• EXERCISE BRIEF: All of the data is to be written out again exactly, without the pictures.

• RECORD EXCERPTS:
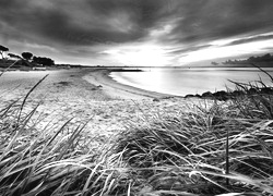 Edytor tapety: Zachód, Jezioro, Plaża, Trawa
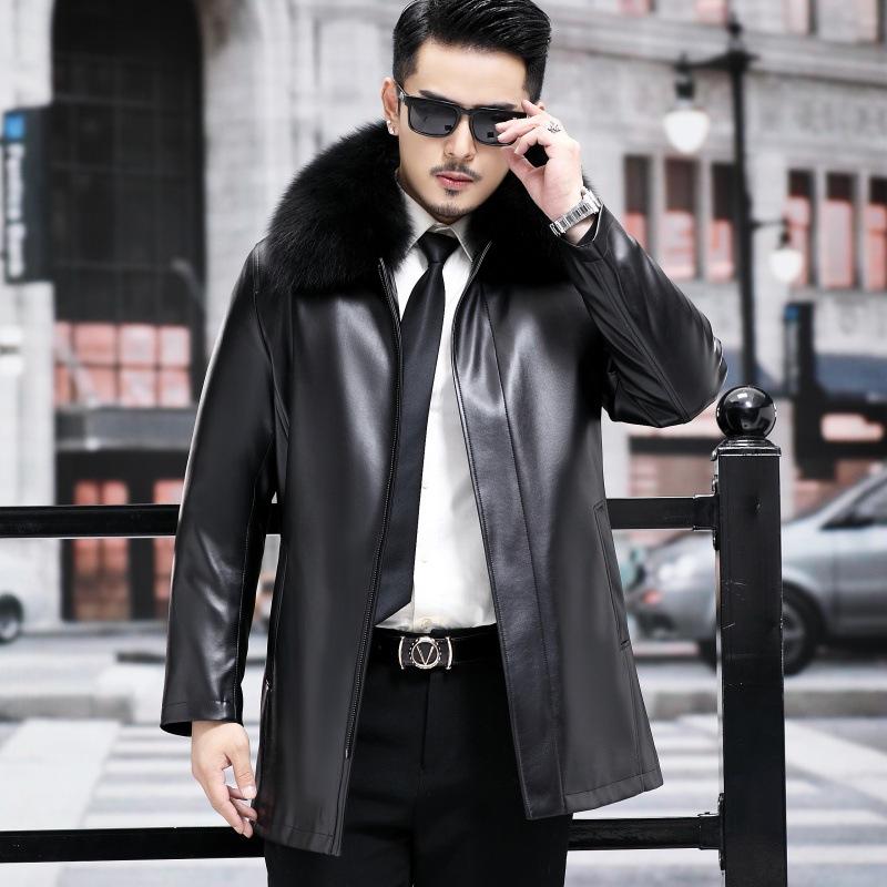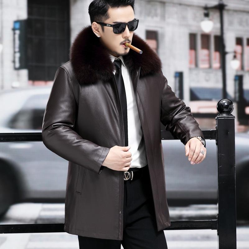 Куртка из натуральной кожи мужская зимняя для пап среднего возраста, дубленка средней длины, подкладка из лисы и норки золотистого цвета
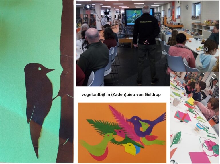Het laatste weekend van de maand januari was het Nationale Tuinvogeltelling. In de (zaden)bibliotheek aan de Heuvel in Geldrop was voor het tweede jaar een ontbijt met informatie over tuinvogels, gevolgd door een ludieke component. ‘Onze Dorus’ spijkerde de vogelkennis van de aanwezigen bij, waarna we met tweekleurig papier vogels en veren gingen knippen. Het was wederom een succes!
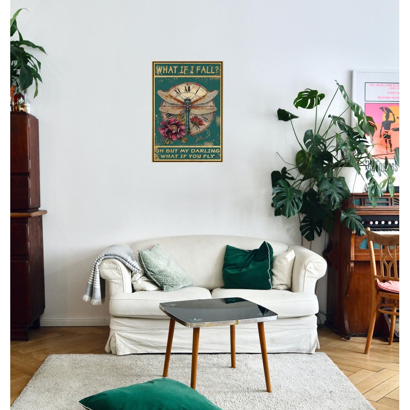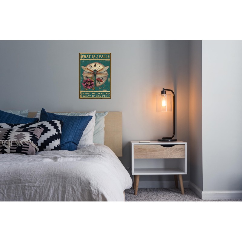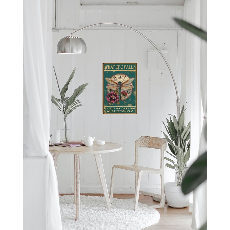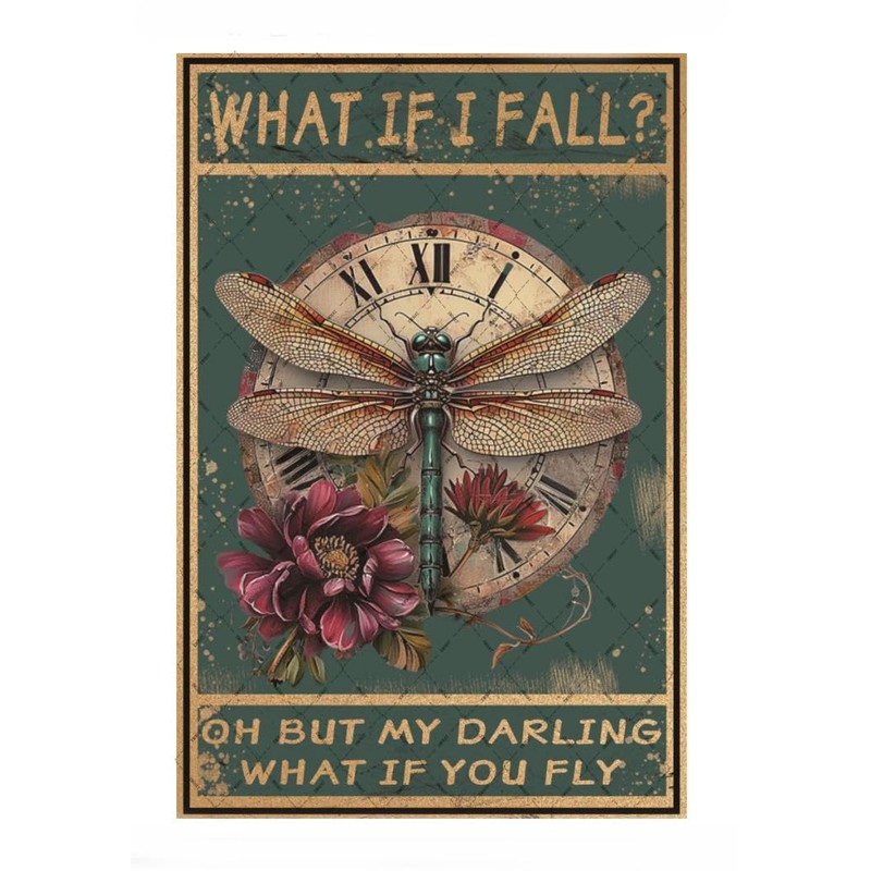 EMOHAT What If I Fall Dragonfly Hippie Boho Art Tin Signs Wall Decor Metal Sign Wall Art Decor Poster for Home Bedroom Living Room Gifts 12x8 Inches
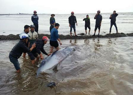 Theo một số người dân cho biết, vào khoảng thời gian trên, một số diêm dân trong quá trình đi làm muối thì phát hiện một vật thế lạ nằm sát bờ biển. Chạy lại kiểm tra thì nhiều người mới biết đây là một con cá voi đang còn sống dài hơn 5 mét nặng khoảng 3 tấn đang bị mắc cạn.
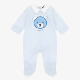 An ivory teddy bear sleepsuit for boys by Monnalisa, crafted in soft cotton jersey. It features a charming beige and Navy Blue teddy bear pattern with a matching collar design. Popper fastenings on the front and between the legs allow for effortless changing. Limited quantities available, making it a lovely choice for cosy nights and playful days.

• THE ANSWER:
 Edytor tapety: Zachód, Jezioro, Plaża, Trawa
 Куртка из натуральной кожи мужская зимняя для пап среднего возраста, дубленка средней длины, подкладка из лисы и норки золотистого цвета
Het laatste weekend van de maand januari was het Nationale Tuinvogeltelling. In de (zaden)bibliotheek aan de Heuvel in Geldrop was voor het tweede jaar een ontbijt met informatie over tuinvogels, gevolgd door een ludieke component. ‘Onze Dorus’ spijkerde de vogelkennis van de aanwezigen bij, waarna we met tweekleurig papier vogels en veren gingen knippen. Het was wederom een succes!
 EMOHAT What If I Fall Dragonfly Hippie Boho Art Tin Signs Wall Decor Metal Sign Wall Art Decor Poster for Home Bedroom Living Room Gifts 12x8 Inches
 Theo một số người dân cho biết, vào khoảng thời gian trên, một số diêm dân trong quá trình đi làm muối thì phát hiện một vật thế lạ nằm sát bờ biển. Chạy lại kiểm tra thì nhiều người mới biết đây là một con cá voi đang còn sống dài hơn 5 mét nặng khoảng 3 tấn đang bị mắc cạn.
 An ivory teddy bear sleepsuit for boys by Monnalisa, crafted in soft cotton jersey. It features a charming beige and Navy Blue teddy bear pattern with a matching collar design. Popper fastenings on the front and between the legs allow for effortless changing. Limited quantities available, making it a lovely choice for cosy nights and playful days.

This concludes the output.